---
# 將以下4個模型的預測結果做ensembling
1. satrn
2. sar
3. robust scanner
4. NRTR

In [None]:
import os
import numpy as np
import pandas as pd
from ast import literal_eval

## 讀取4個模型預測出的結果

In [None]:
df0 = pd.read_csv('./mmocr/sub_test_satrn_score.csv')
df0.score = df0.score.apply(literal_eval)
df0['text'] = df0['text'].astype(str)
df1 = pd.read_csv('./mmocr/sub_test_sar_score.csv')
df1.score = df1.score.apply(literal_eval)
df1['text'] = df1['text'].astype(str)
df1.columns = [f'{f}_1' for f in df1.columns]
df2 = pd.read_csv('./mmocr/sub_test_robustscanner_score.csv')
df2.score = df2.score.apply(literal_eval)
df2['text'] = df2['text'].astype(str)
df2.columns = [f'{f}_2' for f in df2.columns]
df3 = pd.read_csv('./mmocr/sub_test_nrtr_score.csv')
df3.score = df3.score.apply(literal_eval)
df3['text'] = df3['text'].astype(str)
df3.columns = [f'{f}_3' for f in df3.columns]

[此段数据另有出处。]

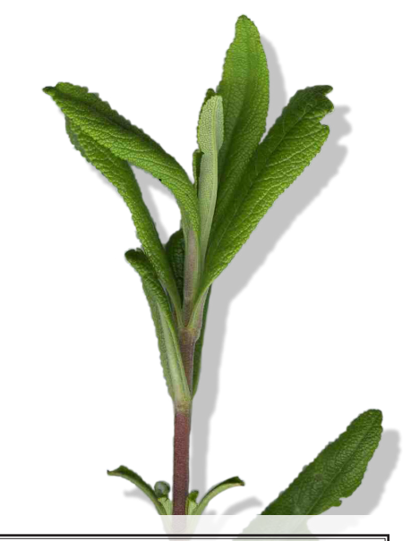
Black Sage Salvia mellifera
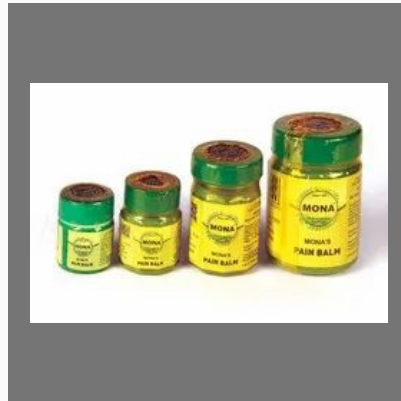
Mona Pain Balm Ointment (For Headache, Cold, Body Pain)
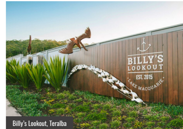
Billy's Lookout, Teralba
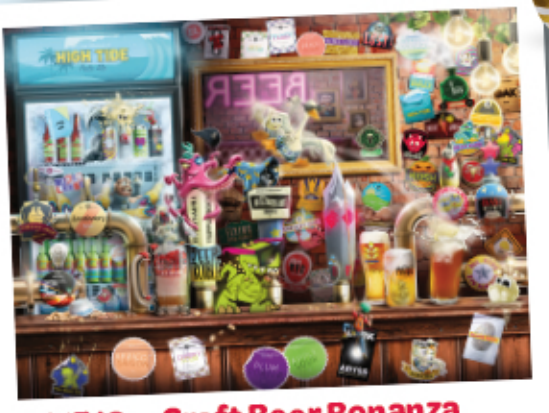
R17510 - Craft Beer Bonanza 1500pcs - £17.00
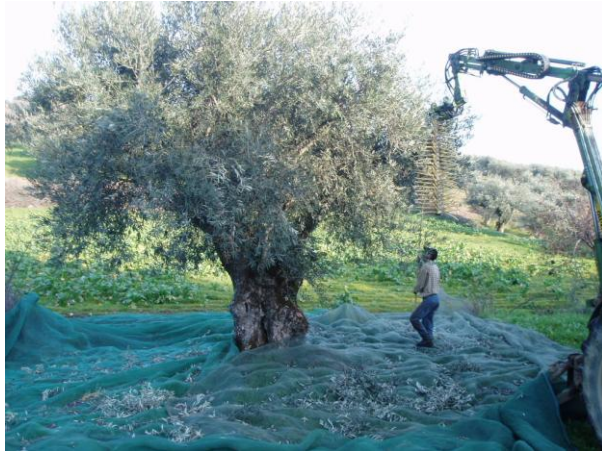
Figure 5: In a big olive tree the rotor detach the fruits more efficiently than the trunk shaker.
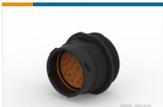
TE Part #YHDP24-24-29PEL024 REC, 29P, BLK, E, WTHD, 12/16/20, P MC
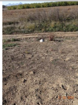
View of waterward side.
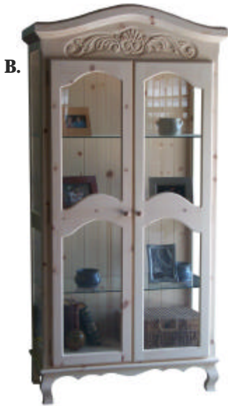
No. F4176GCH-FG-17ST BORDEAUX CURIO CHINA WITH SHELL CARVING

Overall Size 41W x 76H x 19D Case Size 38W x 61H x 17D
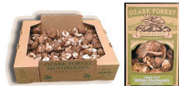
Fresh shiitake mushrooms harvested from Ozark Forest Mushrooms are packed in cardboard containers for delivery to chefs and restaurants, left inset. Top and right inset: Value-added dried mushroom mixes are paired with locally grown rice for an attractive and consumer friendly retail product.
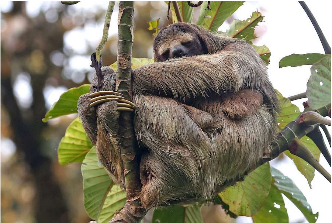
Brown-throated Three-toed Sloth

Northern Emerald-Toucanet, Sulphur-winged Parakeet, Silvery-fronted Tapaculo, Red-faced Spinetail, Azure-hooded Jay, Orange-billed and Slaty-backed nightingale-thrushes, Tawny-capped and Elegant euphonias, Common and Yellow-throated chlorospingus, Tropical Parula, Slate-throated Redstart, and numerous tanagers including Blue-and-gold, Spangle-cheeked, Bay-headed, and Silver-throated. We will enjoy a picnic lunch overlooking the beautiful Lake Fortuna, giving us the chance to watch the sky for raptors. We will return to the lodge by late afternoon, in time to enjoy drinks and appetizers on the veranda as we discuss our favorite sightings of the day.
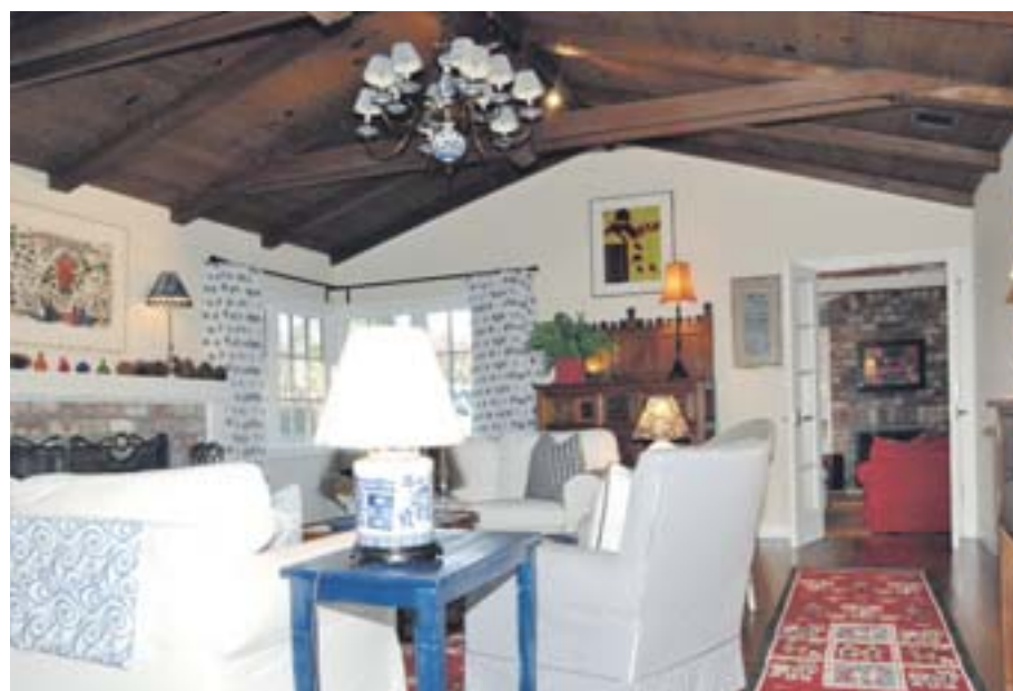
The living room’s original dark wood beamed ceilings and more subdued lighting contrast nicely with the home’s sunlit kitchen and dining room.
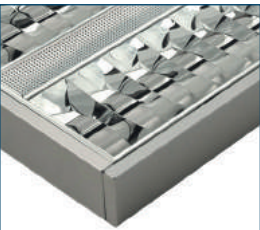
DELUXE VERSION manufactured from MIRO® aluminium louvre and matted aluminium body
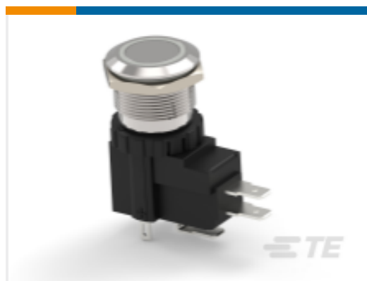
TE Part #1-2364570-9 AVH19 FLT SS MT RNG BLU 24V16A
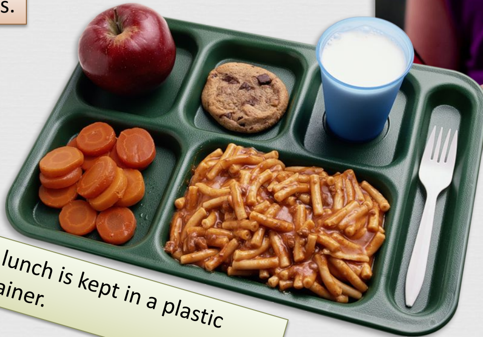
The lunch is kept in a plastic container.
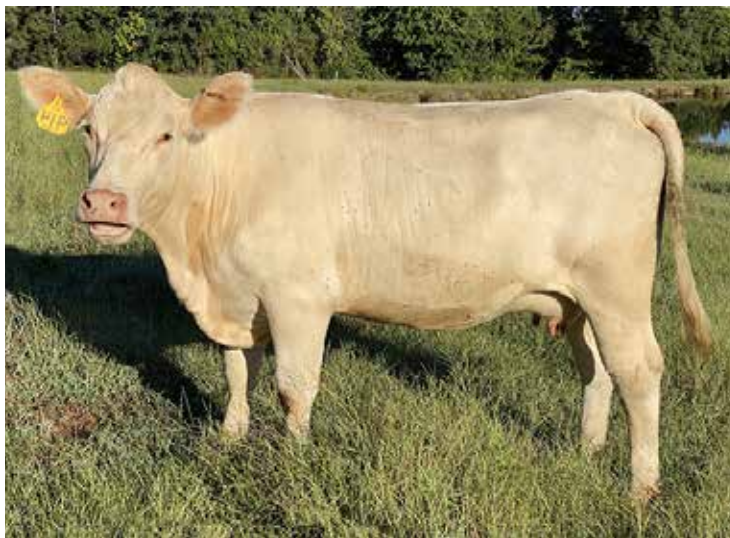
REAVES MS DAWN 952 Sells as Lot 73
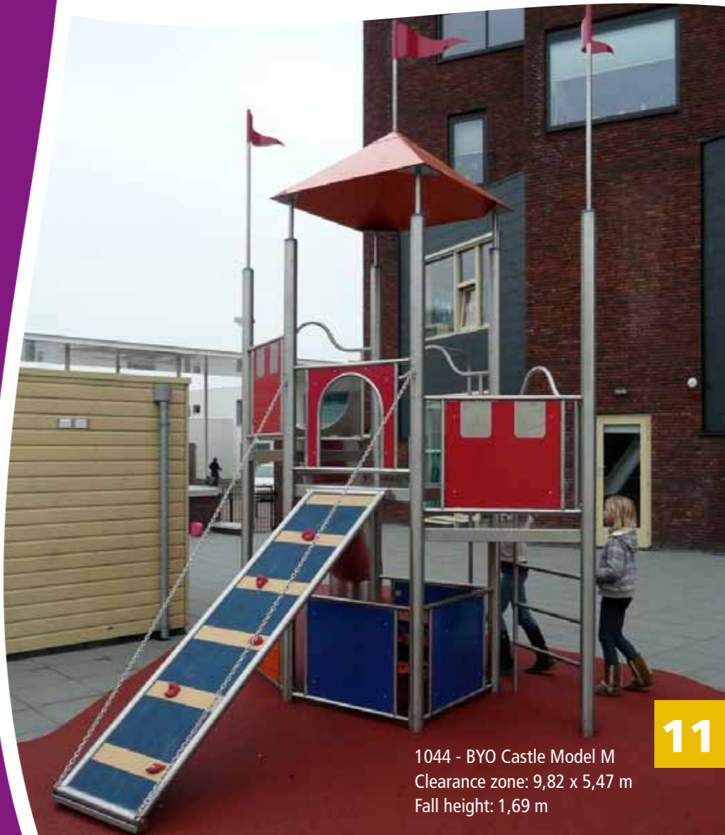
1044 - BYO Castle Model M Clearance zone: 9,82 x 5,47 m Fall height: 1,69 m
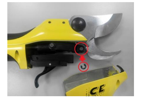
2-8 Take off the front c-clip from the acting arm.
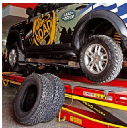
Tyres used: Cooper Discoverer STT (245/70-17) in Africa and BF Goodrich 245/75-17 in Asia.
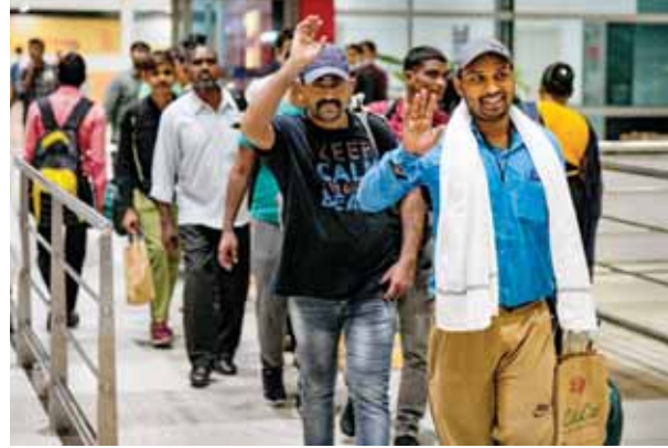
Indians evacuated from violence-hit Sudan under Operation Kaveri on their arrival at the IGI Airport in New Delhi on Wednesday night

Moreover, stepping up the tempo of evacuation, an Indian Navy ship INS Teg is now stationed at Port Sudan to bring back Indians from there to Jeddah. INS Sumedha has already disembarked 278 Indians from there to Jeddah.
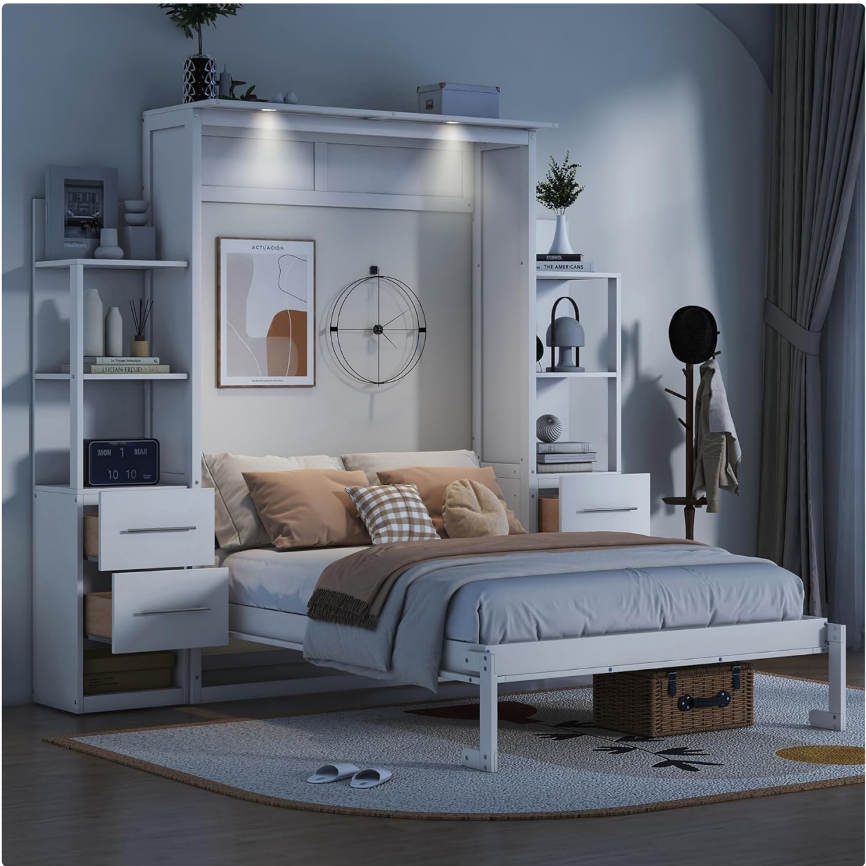
Figure 4: The Murphy bed in the open position with the integrated LED lights turned on, providing ambient lighting.
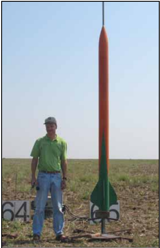
Steve Klausmeyer's GO! Rocket - Level 3 certification project is ready to fly on an M1297.
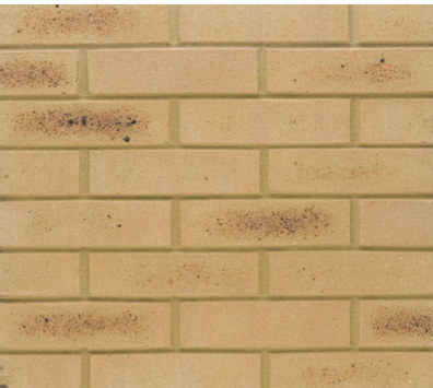
8. Weinerberger Kemsley Yellow Dragfaced (or equal approved)
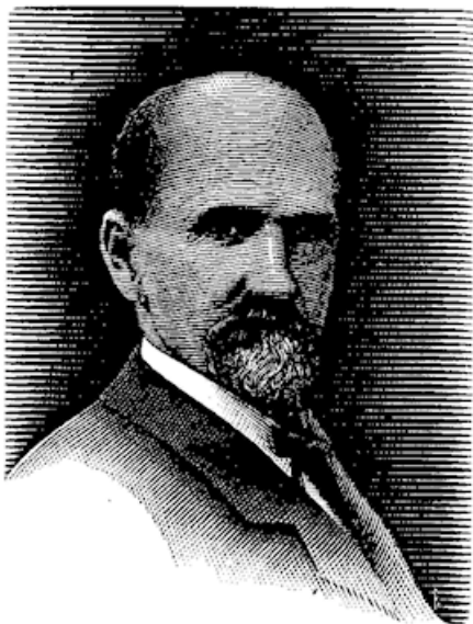
CAPTAIN JOSHUA SLOCUM

On April 24, 1895, Captain Joshua Slocum set out on his voyage that was to become the first solitary circumnavigation of the globe. His account of this enterprise [8], has become a classic. Figure 2 shows a portrait of Slocum from the 1949 edition.
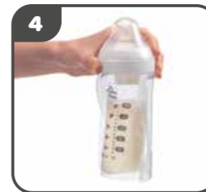
4 The pouch bottle is now ready to use
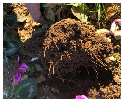
Roots of MIDI + ® in our beddings in Fréjus at the end of November (Week 47)
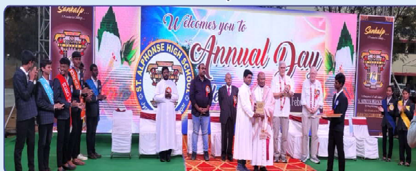
St. Alphonse High School Annual Day celebration, Karimnagar
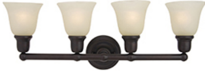
11089SVOI Bel Air 4-Light Bath Vanity

mdf = pd.concat([df0, df1, df2, df3], axis=1)

## 取出4個模型預測不完全一樣的部分

In [None]:
diff = []
for idx in mdf.index:
    if mdf.loc[idx, 'text'] == mdf.loc[idx, 'text_1'] == mdf.loc[idx, 'text_2'] == mdf.loc[idx, 'text_3']:
        pass
    else:
        diff.append(idx)
        
diff = mdf.loc[diff, :]

## 進行ensemble

In [None]:
res = []
for idx in diff.index:
    if len(diff.loc[idx, 'text']) == len(diff.loc[idx, 'text_1']) == len(diff.loc[idx, 'text_2']) == len(diff.loc[idx, 'text_3']):
        # same length, merge by char
        cur = []
        text_len = len(diff.loc[idx, 'text'])
        s = diff.loc[idx, 'text']
        s1 = diff.loc[idx, 'text_1']
        s2 = diff.loc[idx, 'text_2']
        s3 = diff.loc[idx, 'text_3']
        score = diff.loc[idx, 'score']
        score1 = diff.loc[idx, 'score_1']
        score2 = diff.loc[idx, 'score_2']
        score3 = diff.loc[idx, 'score_3']
        for i in range(text_len):
            scores = np.array([score[i], score1[i], score2[i], score3[i]])
            cur_texts = [s[i], s1[i], s2[i], s3[i]]
            max_score_idx = scores.argmax()
            cur.append(cur_texts[max_score_idx])
                
        cur = ''.join(cur)
    else:            
        candidate_scores = []
        candidate_text = []
        if len(diff.loc[idx, 'text']) >= 8:
            candidate_scores.append('min_score')
            candidate_text.append('text')
        if len(diff.loc[idx, 'text_1']) >= 8:
            candidate_scores.append('min_score_1')
            candidate_text.append('text_1')
        if len(diff.loc[idx, 'text_2']) >= 8:
            candidate_scores.append('min_score_2')
            candidate_text.append('text_2')
        if len(diff.loc[idx, 'text_3']) >= 8:
            candidate_scores.append('min_score_3')
            candidate_text.append('text_3')
            
        # different length, Select the most confidence sentence
        most_confidence_idx = diff.loc[idx, candidate_scores].values.argmax()
        cur = diff.loc[idx, candidate_text].to_list()[most_confidence_idx]
    
    res.append(cur)

diff['result'] = res
mdf.loc[diff.index, ['text']] = diff['result']

## 輸出包含預測信心值的預測結果

In [None]:
# Export the ensemble result with min_score
ensemble_score_df = mdf.loc[:, ["id", "text"]]
ensemble_score_df['min_score'] = mdf.loc[:, ["min_score", "min_score_1", "min_score_2", "min_score_3"]].max(axis=1)
ensemble_score_df.to_csv("ensemble_4models_private_score_v2.csv", index=False)

## 輸出上傳使用的預測結果

In [None]:
# Export the ensemble result for submission
output_filename = 'ensemble_4models_private_v2.csv'
res = [['id', 'text']]
filenames = mdf['id'].to_list()
results = mdf['text'].to_list()
for f, r in zip(filenames, results):
    print(r)
    res.append([os.path.splitext(f)[0], r])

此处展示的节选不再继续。